**THE INPUT**:
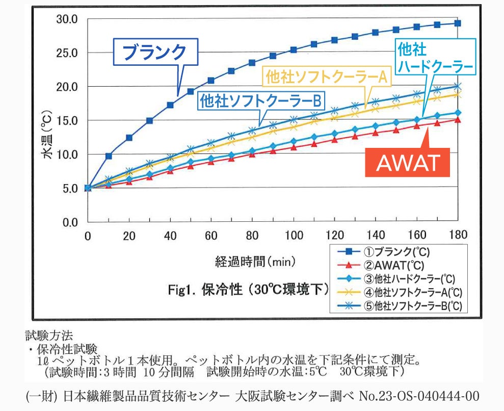 市販の製品とその保冷力を比較する試験を第三者機関に依頼した結果、ハードクーラーボックスを超える保冷性能が認められました。
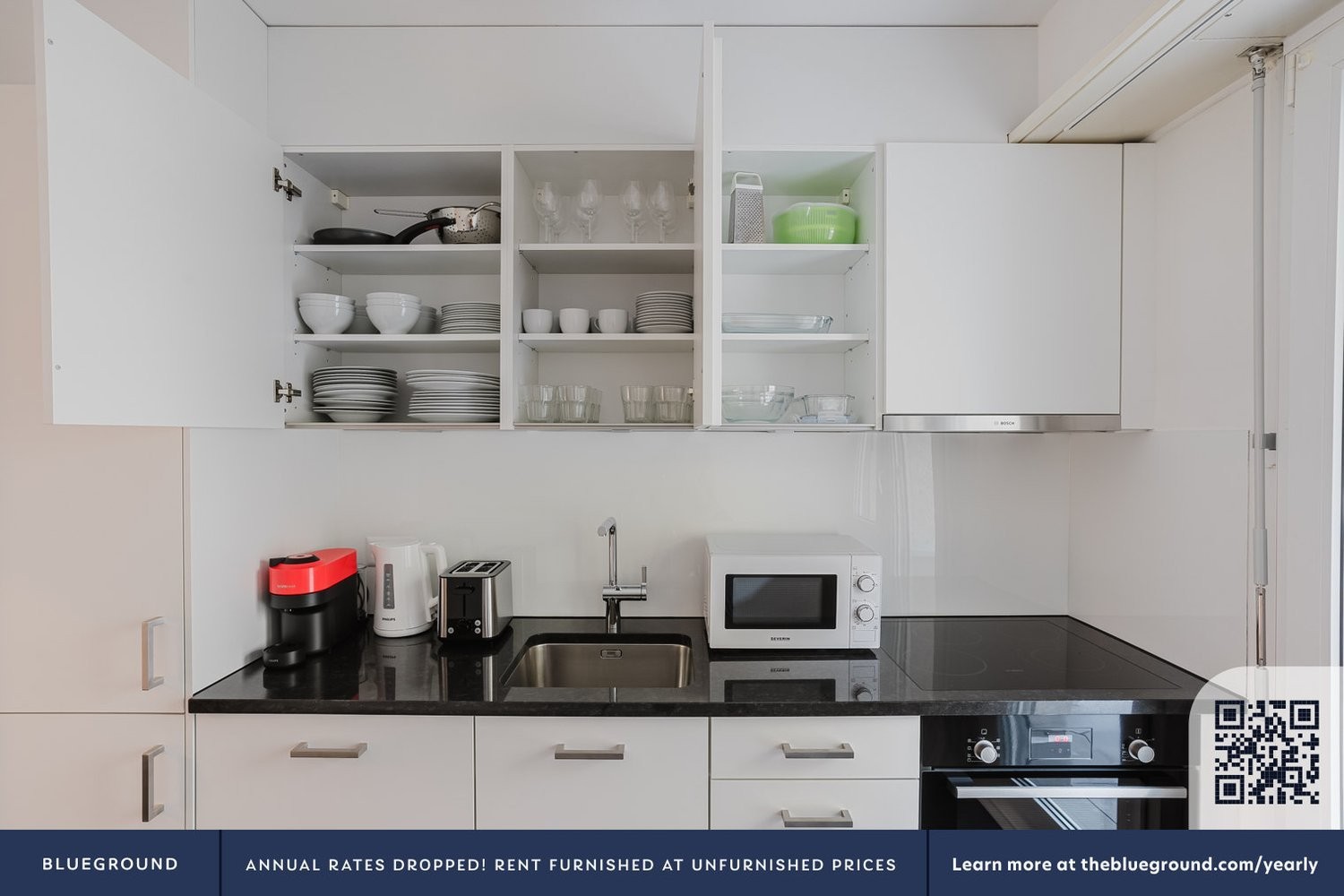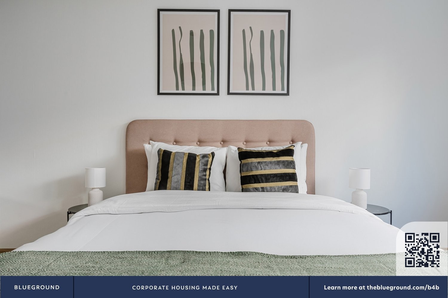 Dieses Blueground Wohnung bietet flexible Mietoptionen, sodass Sie es für drei Monate, ein Jahr oder länger buchen können.Wir sind sehr stolz darauf, dass alle gezeigten Fotos in unseren eigenen Einheiten mit unserer tatsächlichen Einrichtung aufgenommen wurden. Das heißt, wir aktualisieren regelmäßig unsere Dekoration und Möbelanordnung, die von dem abweichen kann, was abgebildet ist.
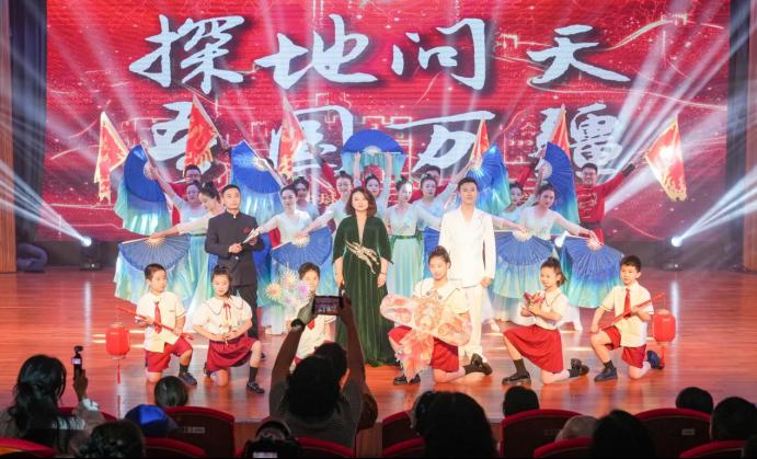 该节目以探地问天的科技报国精神为核心,将地球科学学科特色融入舞台艺术童声、流行、美声、京剧、扇舞与旗舞有机融合,各绽光彩。童声合唱拉开序幕,娓娓道来,明亮清澈。女教师们一袭青绿长裙,以柔美扇舞翩然登场,她们手持扇轻盈翻转,层层叠叠流动线条勾勒出如《千里江山图》一般的秀丽景象。主唱部分流行与美声跨界演绎,精心编排的和声跌宕起伏,委婉动听,红日霞光仿佛在歌声中浑然一体。清脆的板声打破抒情的氛围,男教师们踏着京剧节奏举旗登场。京剧唱段改编自经典作品《定军山》选段,铿锵锣鼓声中,新编唱词探地宝、绘碧霄、凿岩峤、问天高韵味流转,与大屏幕上公司科研攻关的创新瞬间、课堂教学的生动画面、师生共创的累累硕果相映生辉旗舞阵阵,在刚柔并济间诠释学科魅力展现出地信师生丈量大地、逐梦深空的豪情。尾声全员合唱,热闹非凡,舞台灯光汇成星河,探地问天吾国万疆的京剧念白气势如虹,将现场气氛推向高潮。
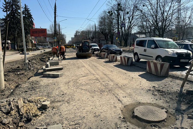 Вулиця Заньковецької у Чернівцях, яку капітально ремонтують. 12 березня 2026 року. Суспільне Чернівці
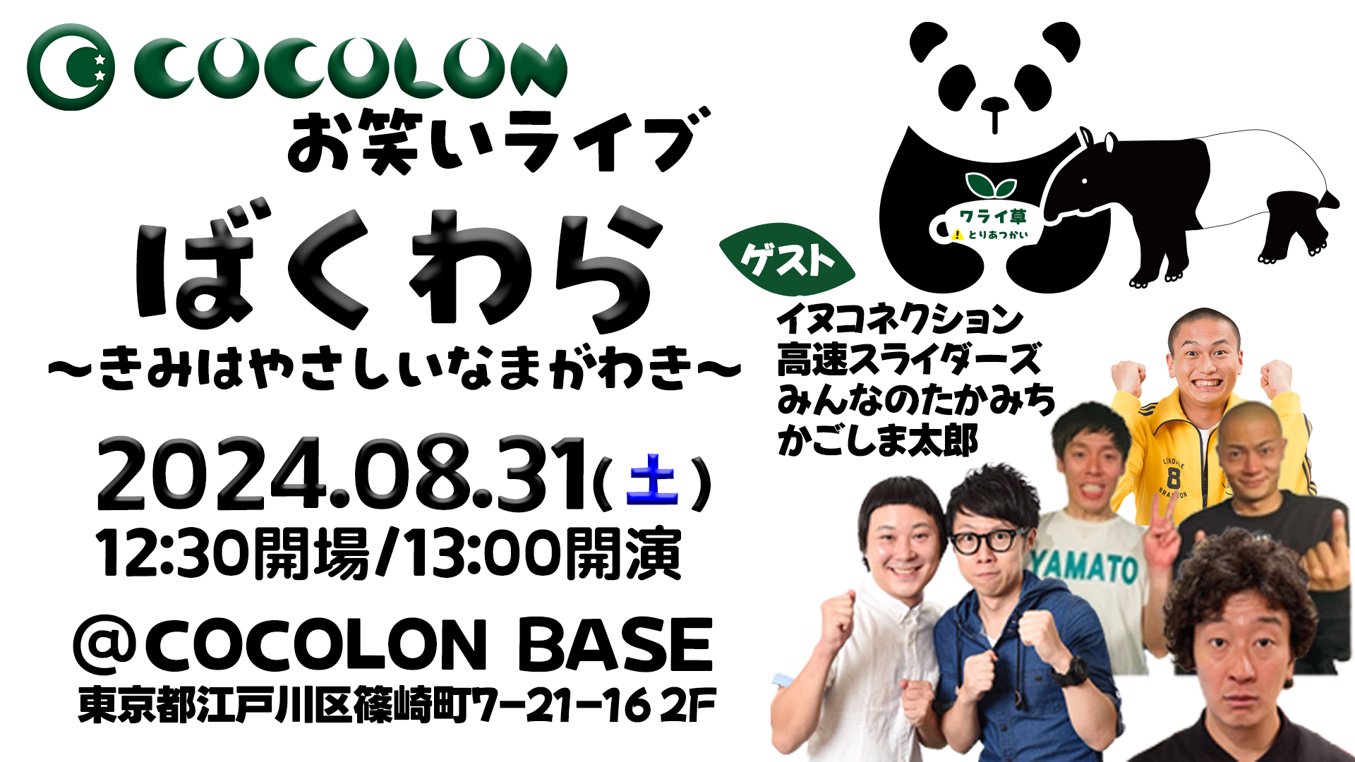 重症心身障がい児のと家族や支援者向けに学び・遊び・情報を提供をする「COCOLON」(運営:特定非営利活動法人EPO、東京都江戸川区、代表:齋藤えりか)は、2024年8月31日(土)にCOCOLON BASE(東京都江戸川区)でインクルーシブお笑いライブ「ばくわら」を開催しました。6組19名が現地参加しハイブリッド配信でも参加いただいたイベントの開催レポートを発表します。
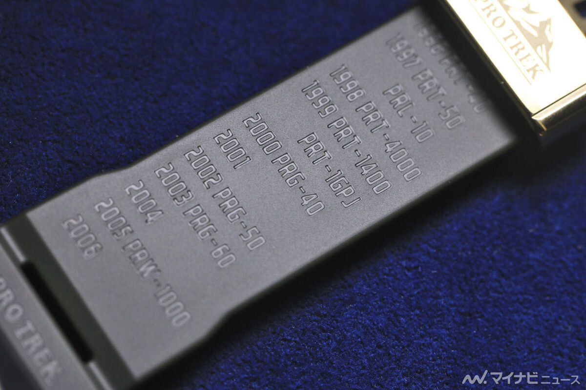 To, co naprawdę wyróżnia się w tej nowej partii zdjęć, to obróbka paska. Bliższe spojrzenie na formowaną żywicę ujawnia ostrzejsze oznaczenia lat na osi czasu Pro Trek, od najwcześniejszych modeli z lat 90. po kultowe wydania z 2000 roku. Rozmiar czcionki i jakość tłoczenia wydają się być spójne w obu modelach, ale oliwkowy odcień paska PRW-61ANS-3 wydaje się być nieco głębszy w naturalnym świetle - prawdopodobnie ze względu na fakturę materiału. Złota klamra i elementy mocujące są teraz nieco mniej krzykliwe.
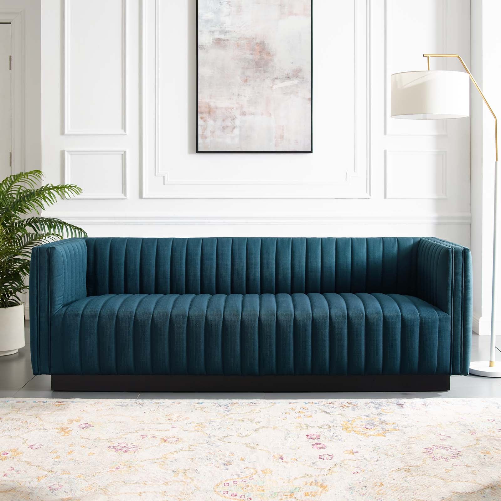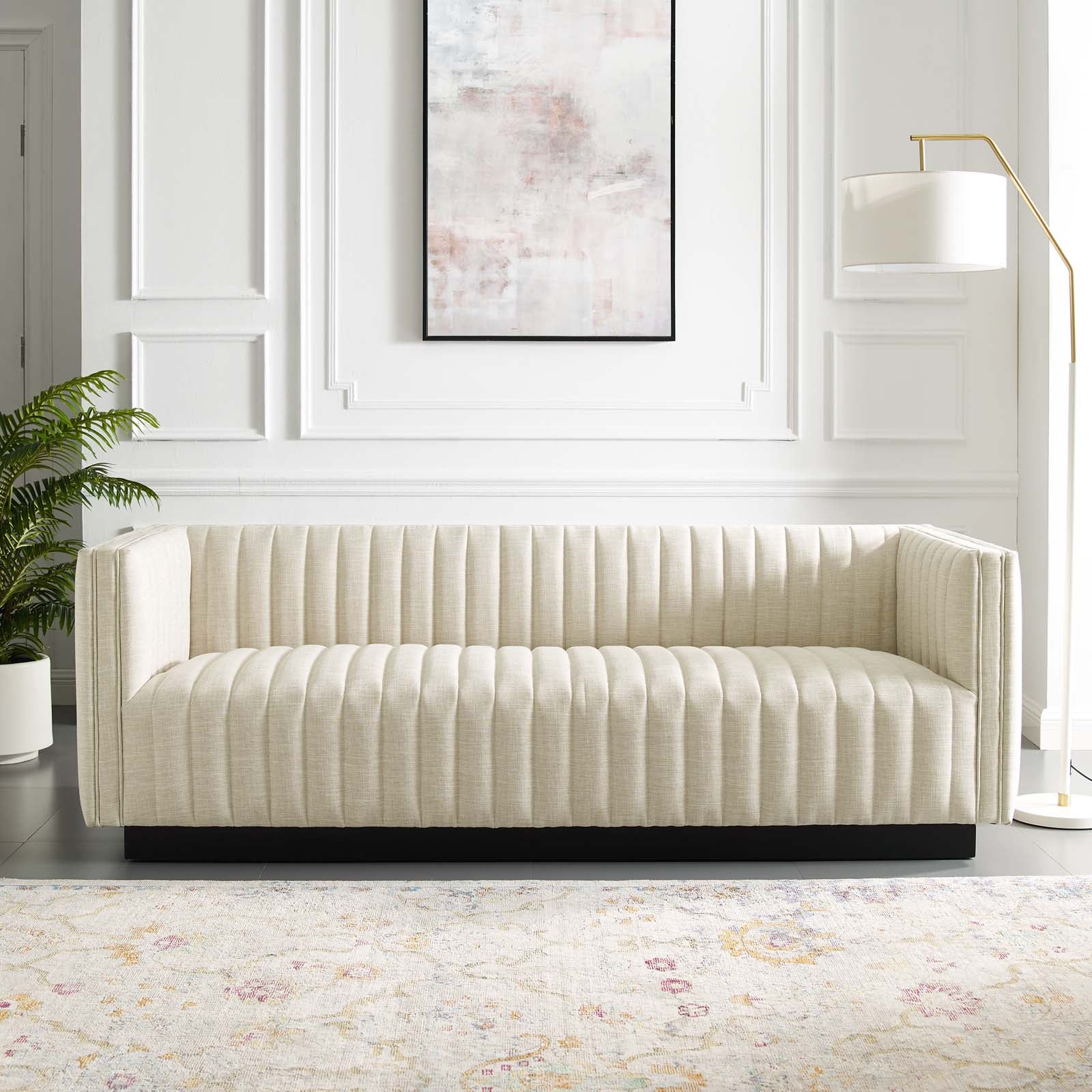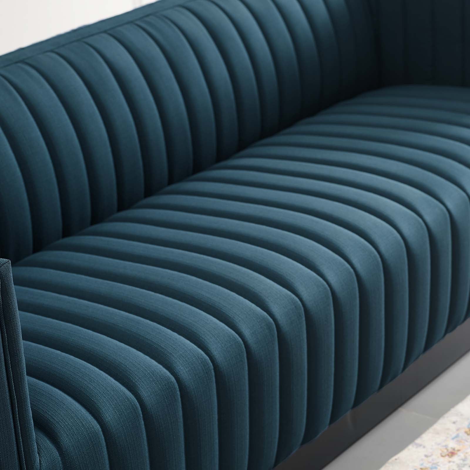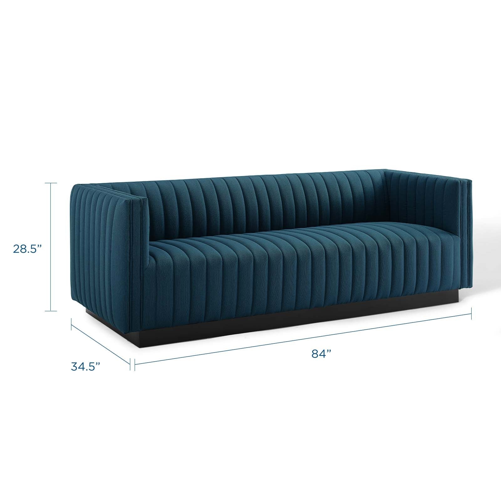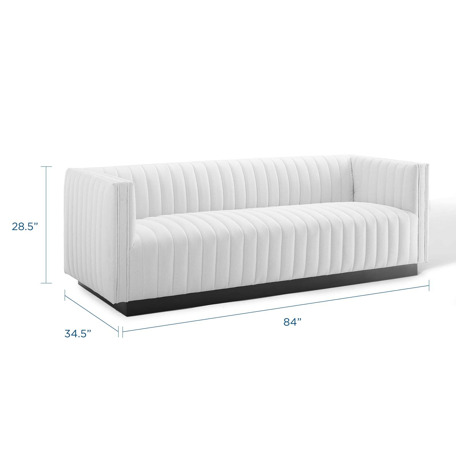 • Magnetic cachet follows the organic linear design of the Conjure Channel Tufted Fabric Upholstered Living Room Sofa. Relax into the glam deco style and allow the streamlined effect of the vertical channel tufting details to direct your living room decor. Conjure Sofa adds a charming retro modern style to your living room, lounge room, or home office. Individually wrapped spring coils are covered with dense foam padding and a soft polyester fabric upholstery for a premium seating experience. This elegant living room couch rests securely on a matte black wooden base that complements any modern home or apartment. Sofa Weight Capacity: 1323 lbs. Comes Fully Assembled.

**TASK REQUIREMENTS**:
Without copying any picture, repeat all of the entries exactly.

**RESPONSE TO THE TASK**:
 市販の製品とその保冷力を比較する試験を第三者機関に依頼した結果、ハードクーラーボックスを超える保冷性能が認められました。
 Dieses Blueground Wohnung bietet flexible Mietoptionen, sodass Sie es für drei Monate, ein Jahr oder länger buchen können.Wir sind sehr stolz darauf, dass alle gezeigten Fotos in unseren eigenen Einheiten mit unserer tatsächlichen Einrichtung aufgenommen wurden. Das heißt, wir aktualisieren regelmäßig unsere Dekoration und Möbelanordnung, die von dem abweichen kann, was abgebildet ist.
 该节目以探地问天的科技报国精神为核心,将地球科学学科特色融入舞台艺术童声、流行、美声、京剧、扇舞与旗舞有机融合,各绽光彩。童声合唱拉开序幕,娓娓道来,明亮清澈。女教师们一袭青绿长裙,以柔美扇舞翩然登场,她们手持扇轻盈翻转,层层叠叠流动线条勾勒出如《千里江山图》一般的秀丽景象。主唱部分流行与美声跨界演绎,精心编排的和声跌宕起伏,委婉动听,红日霞光仿佛在歌声中浑然一体。清脆的板声打破抒情的氛围,男教师们踏着京剧节奏举旗登场。京剧唱段改编自经典作品《定军山》选段,铿锵锣鼓声中,新编唱词探地宝、绘碧霄、凿岩峤、问天高韵味流转,与大屏幕上公司科研攻关的创新瞬间、课堂教学的生动画面、师生共创的累累硕果相映生辉旗舞阵阵,在刚柔并济间诠释学科魅力展现出地信师生丈量大地、逐梦深空的豪情。尾声全员合唱,热闹非凡,舞台灯光汇成星河,探地问天吾国万疆的京剧念白气势如虹,将现场气氛推向高潮。
 Вулиця Заньковецької у Чернівцях, яку капітально ремонтують. 12 березня 2026 року. Суспільне Чернівці
 重症心身障がい児のと家族や支援者向けに学び・遊び・情報を提供をする「COCOLON」(運営:特定非営利活動法人EPO、東京都江戸川区、代表:齋藤えりか)は、2024年8月31日(土)にCOCOLON BASE(東京都江戸川区)でインクルーシブお笑いライブ「ばくわら」を開催しました。6組19名が現地参加しハイブリッド配信でも参加いただいたイベントの開催レポートを発表します。
 To, co naprawdę wyróżnia się w tej nowej partii zdjęć, to obróbka paska. Bliższe spojrzenie na formowaną żywicę ujawnia ostrzejsze oznaczenia lat na osi czasu Pro Trek, od najwcześniejszych modeli z lat 90. po kultowe wydania z 2000 roku. Rozmiar czcionki i jakość tłoczenia wydają się być spójne w obu modelach, ale oliwkowy odcień paska PRW-61ANS-3 wydaje się być nieco głębszy w naturalnym świetle - prawdopodobnie ze względu na fakturę materiału. Złota klamra i elementy mocujące są teraz nieco mniej krzykliwe.
 • Magnetic cachet follows the organic linear design of the Conjure Channel Tufted Fabric Upholstered Living Room Sofa. Relax into the glam deco style and allow the streamlined effect of the vertical channel tufting details to direct your living room decor. Conjure Sofa adds a charming retro modern style to your living room, lounge room, or home office. Individually wrapped spring coils are covered with dense foam padding and a soft polyester fabric upholstery for a premium seating experience. This elegant living room couch rests securely on a matte black wooden base that complements any modern home or apartment. Sofa Weight Capacity: 1323 lbs. Comes Fully Assembled.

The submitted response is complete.